PQR is an isosceles triangle inscribed in a circle. If PQ = PR = 25 cm and QR = 14 cm, calculate the radius of the circle to the nearest cm.

Given,

PQ = PR = 25 cm

In an isosceles triangle, the perpendicular from a vertex between equal sides bisects the opposite side.

Thus,

S is the mid-point of QR.

∴ QS = $\dfrac{QR}{2} = \dfrac{14}{2}$ = 7 cm.

PS is perpendicular bisector of QR and perpendicular from center bisects the chord.

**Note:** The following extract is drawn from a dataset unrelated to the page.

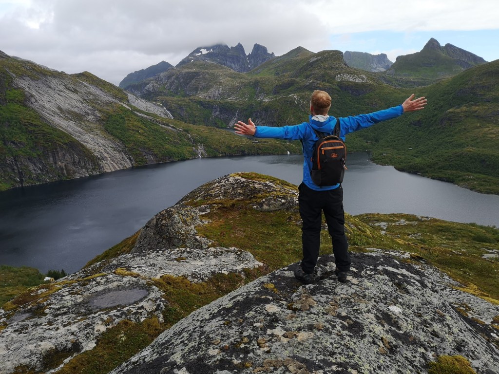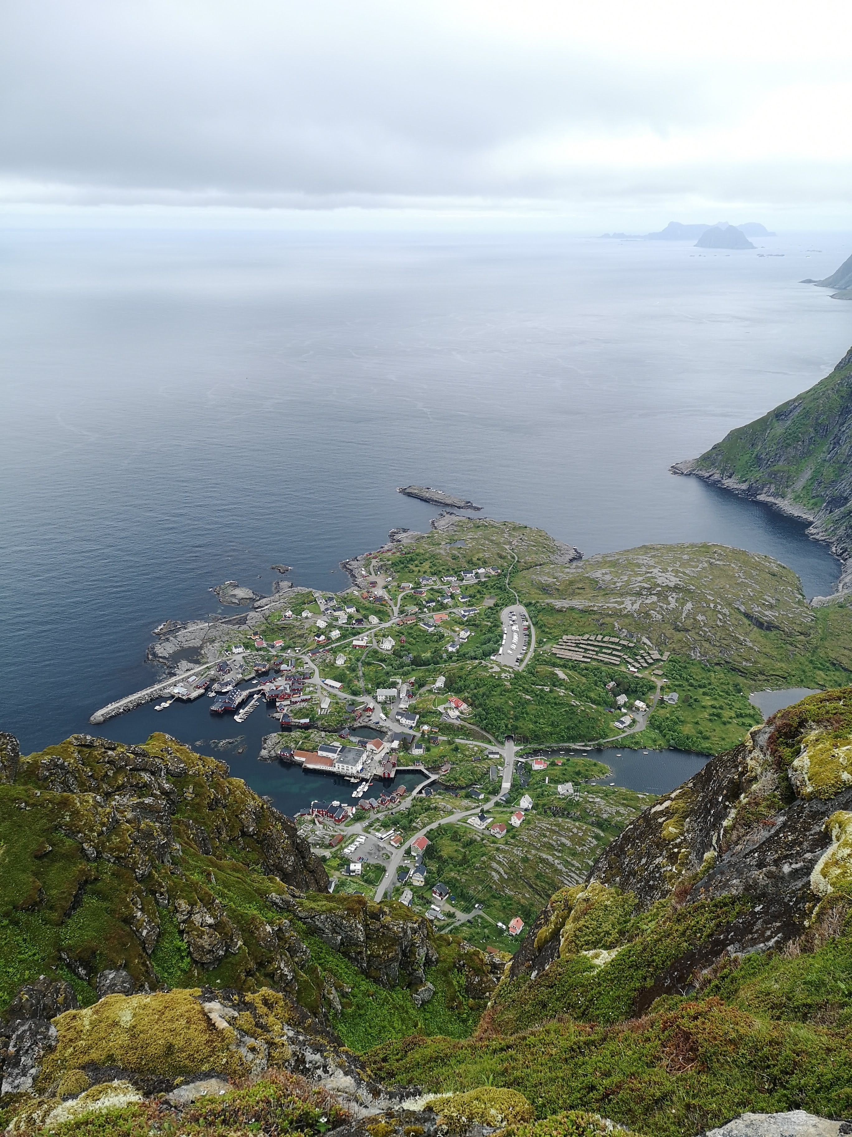 In the morning we filled up on bread and bad coffee before returning to the trail. The clouds were high, blue skies hugged the coast. The conditions were in our favour. We started to climb. The coastline stretched out and rose like stacked shards of broken glass. Behind every summit, higher peaks reached. Waterfalls spilling out of one lake into the next . The trail offered a choice; mud or rock, wet or dry. Maybe you’d like to try them all at once. Open mouthed gaping at the landscape. Grinning madly into the wind. Swearing at how unbelievable our surroundings were. We rose over hills and ascended a gorge, climbing beyond the snow line and scrambling up the ridge between two valleys. Below the town of Å looked insignificant. A cluster of houses, a car park full of camper vans and busses. Beyond, we could see the endless pillars and walls that form the Lofoten archipelago. Day one on the island chain and our expectations were already smashed. We raced the rain back down to sea level.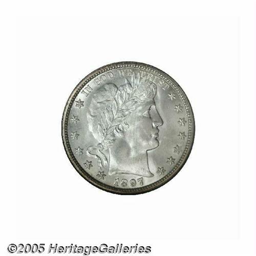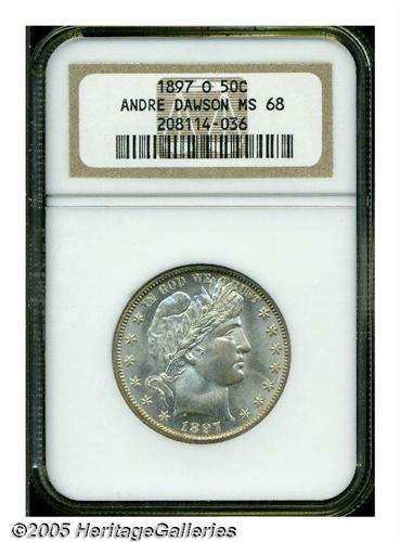 <B>1897-O<50C> MS68 NGC.</B></I> Ex: Andre Dawson. When we cataloged this coin seven years ago we declared it to be the finest known of the issue. We also noted in the description at that time that another MS68 had been certified (by PCGS) and speculated that this was likely the same coin. We now know that is not true as the Goldbergs sold the PCGS coin in 2002 (for $25,300). Nevertheless, being tied for finest known is still quite an honor for a coin such as an 1897-O Half. In fact, both of the branch mint 1897 issues represent a significant challenge for the date collector in AU and higher grades. Only 632,000 pieces were struck of this issue, at a time when average production was over two million pieces for half dollars. So, when average production was that low for a high mintage issue in the Half Dollar series, it tends to make up for the lack of standout rarities as in the Dime and Quarter series with the 1894-S and 1901-S respectively. Only a few dozen Uncirculated examples of the 1897-O are known to survive and very few are known in Gem condition.<BR> This amazing specimen gives the appearance of a newly minted coin, being virtually untoned and incredibly frosty with hardly a blemish to be found. Only under close scrutiny can a few well scattered, microscopic frost breaks be seen on the obverse. The strike is fully executed in all areas and the vibrancy of the luster is perhaps its greatest attribute.

Thus, centre of the circle O lies on PS. Let radius of circle OQ be r.

In right-angled triangle PSQ,

By pythagoras theorem,

⇒ Hypotenuse² = Perpendicular² + Base²

⇒ PQ² = PS² + SQ²

⇒ 25² = PS² + 7²

⇒ 625 = PS² + 49

⇒ PS² = 625 - 49

⇒ PS² = 576

⇒ PS = $\sqrt{576}$ = 24 cm

OS = PS - OP = 24 - r

In right-angled triangle OSQ,

By pythagoras theorem,

⇒ Hypotenuse² = Perpendicular² + Base²

⇒ OQ² = OS² + SQ²

⇒ r² = (24 - r)² + 7²

⇒ r² = r² - 48r + 576 + 49

⇒ 48r = 625

⇒ r = $\dfrac{625}{48}$ = 13.02 cm ≈ 13 cm

Hence, radius of the circle = 13 cm.